Slowly but surely, our communities are changing to solely benefit for-profit corporations and problematic institutions. It happens so slowly, so quietly until one day we are just left with a world we no longer recognize, asking ourselves, “how did it all come to this?”

I don’t want it to get to that point. And so my commitment this year (and for the years to come) is to get more involved at the local level. To create change in the proximate environment around me. To take care of the neighbourhood, community, and city in which I live.

Some organizations I am learning from and strive to support over the next year include:

  • Progress Toronto – a not-for-profit organization that advocates and organizes for a more democratic, socially just, and progressive city.

  • Toronto Indigenous Harm Reduction – a grassroots initiative that endeavors to reduce the harm and burden that society places on Indigenous people with stigmatized experiences such as substance use, houselessness, incarceration, and most recently, COVID-19 and more.

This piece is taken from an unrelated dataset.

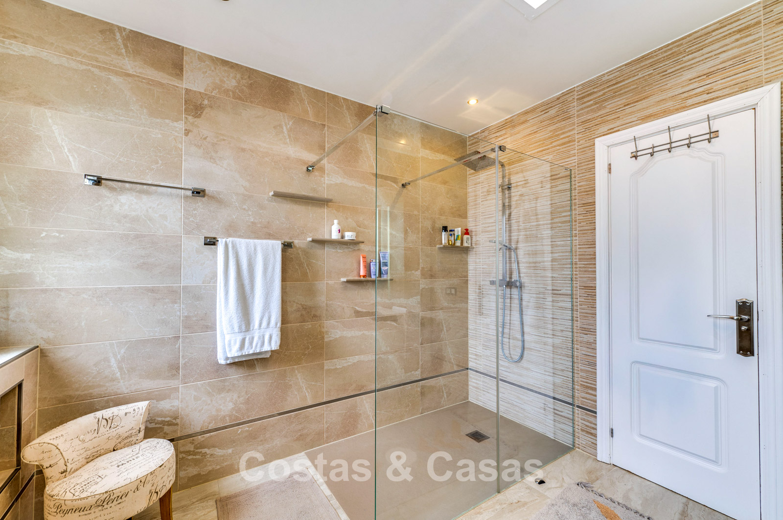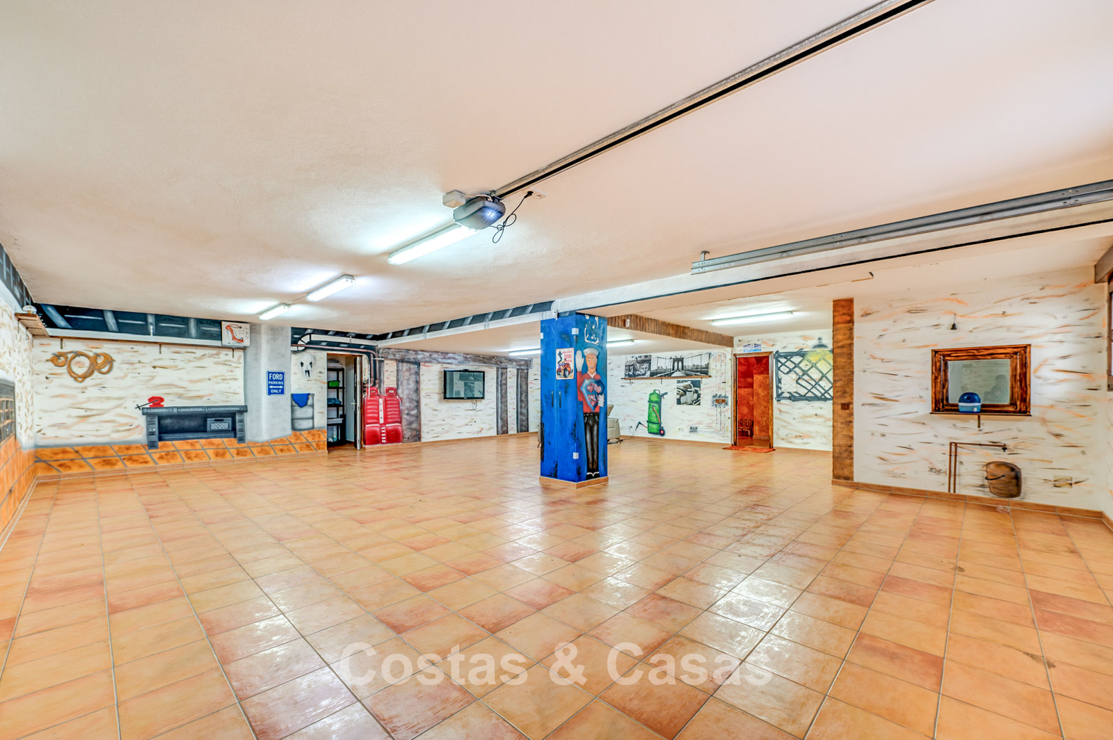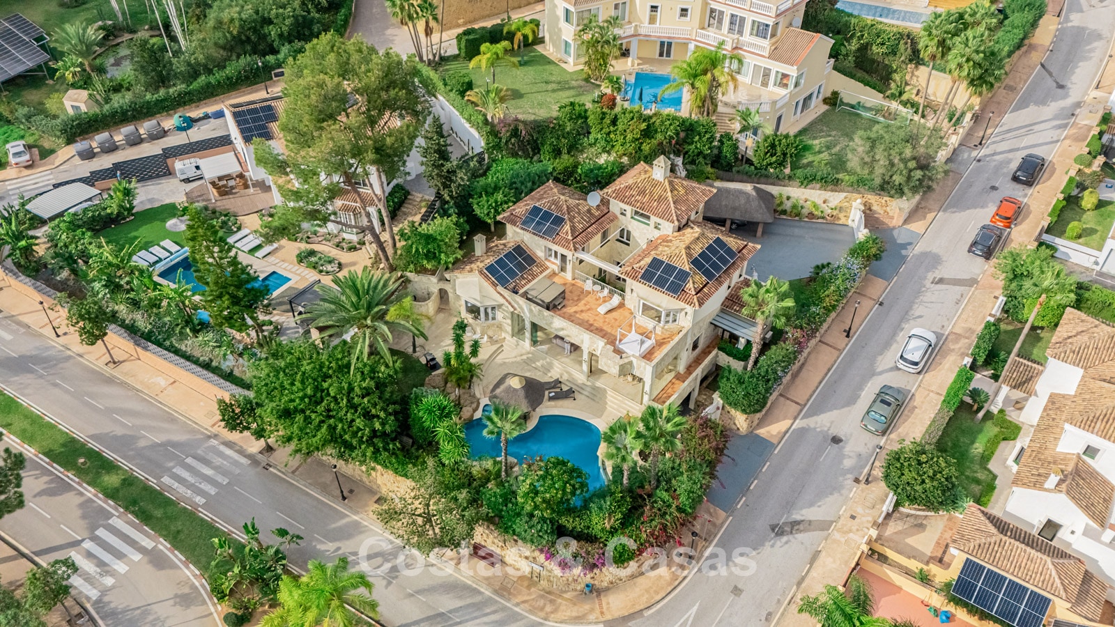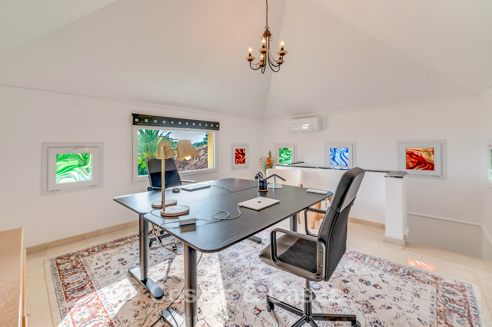 Cette villa individuelle offre une combinaison unique de luxe, de confort et de charme méditerranéen. Utilisation de matériaux naturels et de haute qualité. Le toit de tuiles et les couleurs naturelles confèrent un aspect chaleureux et invitant. Un hall d'entrée majestueux avec un plafond à double hauteur et un élégant escalier qui monte vers le haut. Séjour avec un salon TV et un 2ème coin salon avec cheminée. De grandes portes coulissantes en verre relient les espaces intérieurs et extérieurs de manière transparente, ce qui est idéal pour se divertir ou simplement profiter du plein air. Grande cuisine/salle à manger avec beaucoup d'espace de rangement, un îlot de cuisson et un coin repas. 5 chambres, 6 salles de bains. Espace bureau. Sols en marbre. Débarras. L’étage inférieur dispose d'un grand garage pour 7 voitures, qui offre le potentiel d'être en partie transformé en salle de sport ou de jeux. Abri voiture supplémentaire et parking pour 2 voitures.

  • Planned Parenthood Toronto – a community health centre providing trusted and non-judgmental sexual, reproductive, and primary healthcare and programs to youth all across the city. I’ve actually been working with them over the last year as a communications strategist and have learned immensely from their leaders about reproductive justice and investing in our youth at the local level.

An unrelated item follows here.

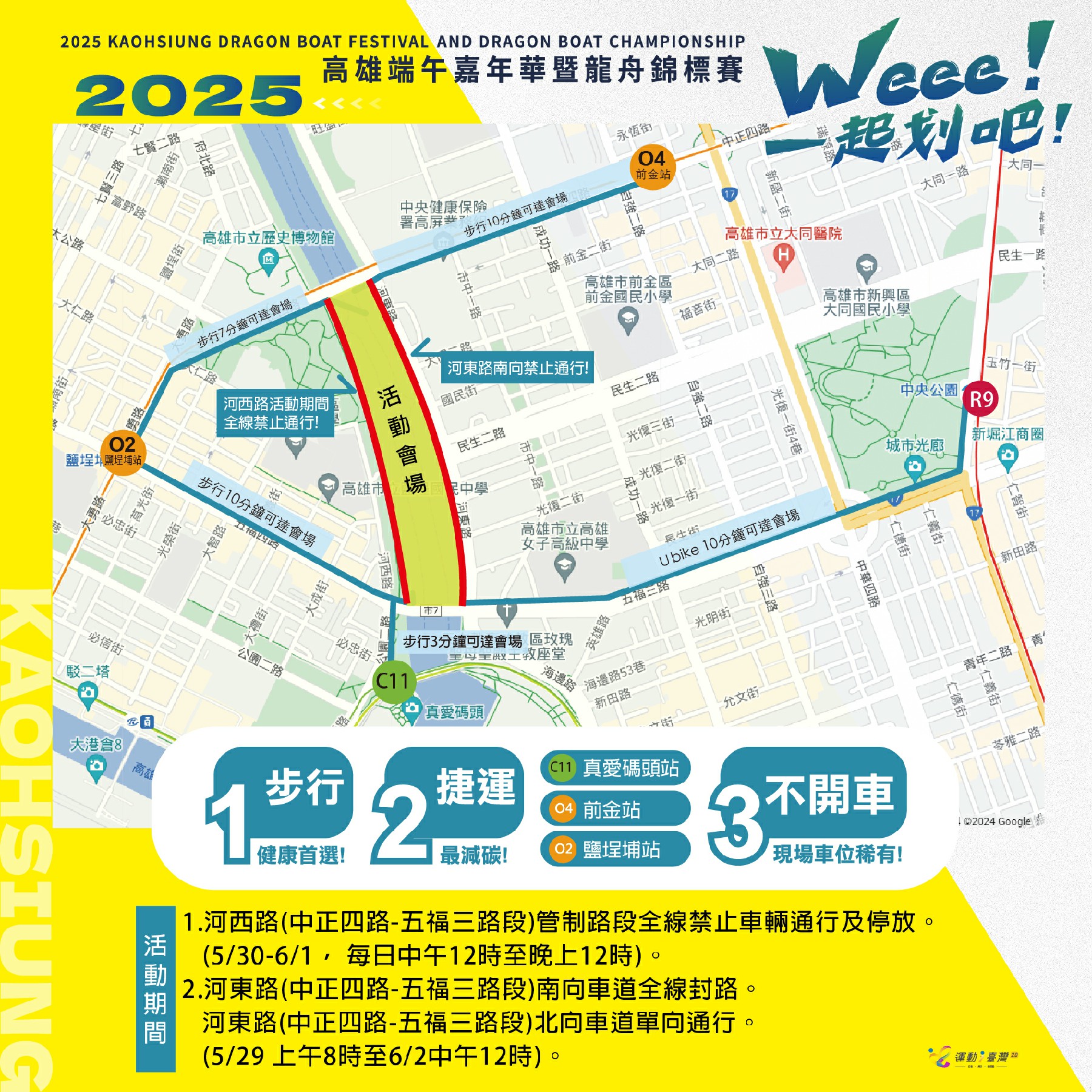 活動期間,河西路與河東路部分路段將實施交通管制,其中河西路中正四路至五福三路段每日中午12時至午夜12時全線封閉,禁止車輛通行與停放;河東路則自5月29日起,僅保留北向通行,南向臨河側道路則全面封閉。此外,捷運橘線的前金站與鹽埕埔站距離會場僅需步行7至10分鐘,亦可從紅線中央公園站騎乘Ubike前往;輕軌與公車則建議於真愛碼頭站下車,步行約3分鐘即達活動現場。

  • No Pride in Policing Coalition – an antiracist queer and trans group formed to support Black Lives Matter-Toronto and is focused on defunding and abolishing the police.

  • The 519 – a charity committed to the health, happiness, and full participation of the 2SLGBTQ+ communities.

  • Another Toronto is Possible – a coalition of Toronto-based grassroots organizations including No Pride in Policing, Toronto Indigenous Harm Reduction, Bloordale Community Response, Showing Up for Racial Justice (SURJ) Toronto, Trans Bisexual Lesbian Gay Asexual at York, Policing-Free Schools, No One Is Illegal Toronto, Doctors for Defunding Police, Jane-Finch Action Against Poverty.

As the community organizer and activist Dave Meslin, writes:

“…the word ‘citizen’, while it automatically entitles us to certain basic rights and privileges, also demands something in exchange. What your city can do for you is important; the flip side, what you can do for your city, is the other half of the deal. It needn’t be as extravagant as building a hospital: you can organize a neighbourhood picnic, fight the demolition of a beautiful building, run for City Council, even just pick up some litter. We can’t wait for the politicians to do these things for us. The way we make our city better is to do it ourselves.”

I don’t know if it’s a function of getting older and simply paying closer attention to the world, or if the pandemic has just put everything in greater focus for me (or honestly, maybe it’s just always been like this)…but the world feels like it’s falling apart faster and in bigger, more catastrophic ways than ever before. From the near-daily climate disasters that are ravaging lives and livelihoods everywhere to the moves toward fascism around the globe. From the racial discrimination and economic disparities that keep widening and deepening to the freakin’ pandemic that has so drastically changed our lives. It all just feels…so bad. So bad that it can often feel crippling.

In the midst of so much doom and gloom, I hold fast to the words of community organizer and activist Mariame Kaba that “hope is a discipline”:

 “It’s less about “how you feel,” and more about the practice of making a decision every day, that you’re still gonna put one foot in front of the other, that you’re still going to get up in the morning. And you’re still going to struggle. It’s work to be hopeful. It’s not like a fuzzy feeling. You have to actually put in energy, time, and you have to be clear-eyed, and you have to hold fast to having a vision. It’s a hard thing to maintain. But it matters to have it, to believe that it’s possible, to change the world.”

Cheers to 2023, my dear friends. May we find the imagination and creativity within us to build a better world.